BRIEF DESCRIPTION OF THE DRAWINGS
[0024] FIG. 1 is a perspective view of a light admitting device of
the sun tracking type of the invention.
[0025] FIG. 2 is a view in section taken along the line X-X in FIG.
1 and showing the device while it is admitting light when the sun
is at a low altitude.
[0026] FIG. 3 is a plan view of the light admitting device of the
invention.
[0027] FIG. 4 is a diagram showing how to assemble a dome and a
control box.
[0028] FIG. 5 is a perspective view of light reflecting means and
the control box.
[0029] FIG. 6 is a view in section taken along the line X-X in FIG.
1 and showing the device while it is admitting light when the sun
is at a high altitude.
[0030] FIG. 7 is an enlarged perspective view of the portion
surrounded by a circle A in FIG. 5.
[0031] FIG. 8 is an exploded perspective view of drive means,
board, etc. provided in the control box.
[0032] FIG. 9 is a view in section of the control box as mounted on
the dome.
[0033] FIG. 10 is a perspective view of a coupling.
[0034] FIG. 11 is a view in section of another embodiment of
control box.
BEST MODE OF CARRYING OUT THE INVENTION
[0035] FIGS. 1 to 3 show a light admitting device 10 of the sun
tracking type. Although the light admitting device to be described
below is of such type that the device has light reflecting means 30
suspended therefrom, the present invention is not limited to this
type but can of course be applied to light admitting devices of the
resting type having light reflecting means to be supported at its
lower portion.
[0036] For a better understanding, the direction toward the sun S
will be referred to as "front," and the opposite side as "rear" as
shown in FIGS. 2 and 3.
[0037] The light admitting device 10 of the sun tracking type is
installed at the upper end of a skylight bore 90 extending from the
roof of a building through the ceiling thereof as seen in FIG.
2.
[0038] The skylight bore 90 has at its upper end an opening formed
in a roof portion of the building. The bore 90 is generally in the
form of a square measuring about 120 cm in the length of one side,
and is oriented in a direction which changes with the size,
structure of the building or room, direction the building or room
faces, required amount of light and like conditions.
[0039] An inner wall 92 defining the skylight bore 90 has a
mirrored surface so as to guide the light reflected by the device
10 efficiently into an interior space.
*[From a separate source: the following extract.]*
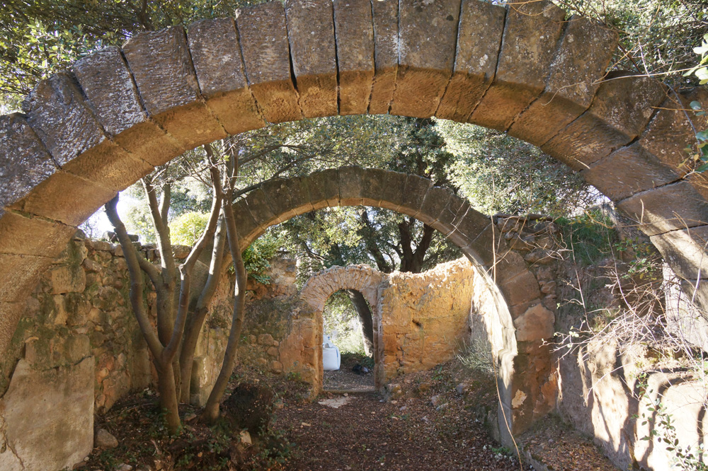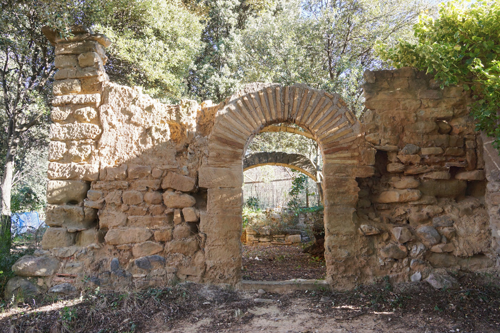 Su interior está dividido en tres tramos por dos arcos diafragma de medio punto, realizados con sillares, que sostenían la cubierta, totalmente hundida en la actualidad, que parece haber sido una bóveda de medio cañón.

Provided at the lower end
(at the interior ceiling side) of the bore 10 is a transparent
interior diffusion plate (not shown) for diffusing the light
admitted into the interior space.
[0040] With reference to FIGS. 1 to 3, the sun tracking light
admitting device 10 comprises a dome 20 mounted over the upper end
of the skylight bore 90 and made of transparent material, light
reflecting means 30 disposed within the dome and supported in
suspension by the dome, and a control box 50 for rotating the
reflecting means 30 to cause the means to track the sun. These
components will be described below in detail.
[0041] <Dome 20>
[0042] As shown in FIGS. 1 to 4, the dome 20 is a transparent or
translucent cover for protecting the light reflecting means 30 from
wind, rain, dust, etc. and preventing these from ingressing into
the interior. The dome 20 can be formed, for example, from an
acrylic resin plate, polycarbonate resin plate or the like having a
thickness of about 3 to about 5 mm or by working a hard glass, hard
plastic or the like. The illustrated dome 20 is prepared from
acrylic resin and has a generally semispherical central portion and
a peripheral edge portion which is square in conformity with the
shape of the skylight bore 90. The dome 20 is not limited to the
semispherical shape but can be in any of various shapes such as
square or rectangular shape and conical or pyramidal shape, and may
be reinforced with a frame when so required.
[0043] Formed in the top of the dome 20 centrally thereof is a
mount hole 22 for attaching the control box 50 to the dome as shown
in FIG. 4. The dome 20 has screw bores 22a equidistantly spaced
apart around the mount hole 22 for use in fastening the control box
50 with screws.
[0044] <Light Reflecting Means 30>
[0045] The light reflecting means 30 comprises a plurality of
reflective panels 31, 32, 33 attached to a support frame 34 and is
disposed inside the dome 20 and supported thereby in
suspension.
[0046] As shown in FIGS. 2 and 5, the support frame 34 is in the
form of a bar inclined downward toward the front (toward the sun S)
and has a suspending hook 35 projecting upward from a portion
thereof slightly rearward from its midportion. The support frame 34
is provided with the three reflective panels 31, 32, 33.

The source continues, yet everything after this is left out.